Imported gnathostomiasis manifesting as cutaneous larva migrans and Löffler's syndrome

BMJ Case Rep. 2018 Feb 2:2018:bcr2017223132. doi: 10.1136/bcr-2017-223132.

Abstract

Here, we report an unusual case of invasive gnathostomiasis in a returning traveller, with a shifting pattern of relapsing cutaneous disease. The previously fit and well 32-year-old man first presented with serpiginous, pruriginous erythematous tracks characteristic of cutaneous larva migrans shortly after returning from South-East Asia. He was systemically well with no other symptoms. After ivermectin therapy, he re-presented with respiratory symptoms, peripheral eosinophilia and transient pulmonary infiltrates; the classic triad of Löffler's syndrome associated with invasive helminth infection.

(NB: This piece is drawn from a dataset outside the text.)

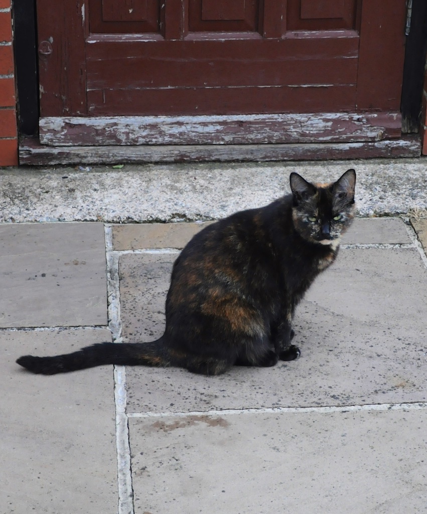 I finished it yesterday, but it was too chilly to wear. Todays a bit brighter and I’m taking my lovely mum out to lunch so will be wearing it.  Rory & I had a little photoshoot on the patio this morning.  (the scruffy looking door is the garage door not the one to the house!)

Gnathostoma spinigerum immunoblot was positive. After a second round of ivermectin therapy his respiratory symptoms resolved, but the patient's cutaneous disease relapsed repeatedly over months, with migratory erythematous swellings appearing and settling after a few days. He was treated with a 21-day course of albendazole and is lesion free at 40 weeks post initial presentation.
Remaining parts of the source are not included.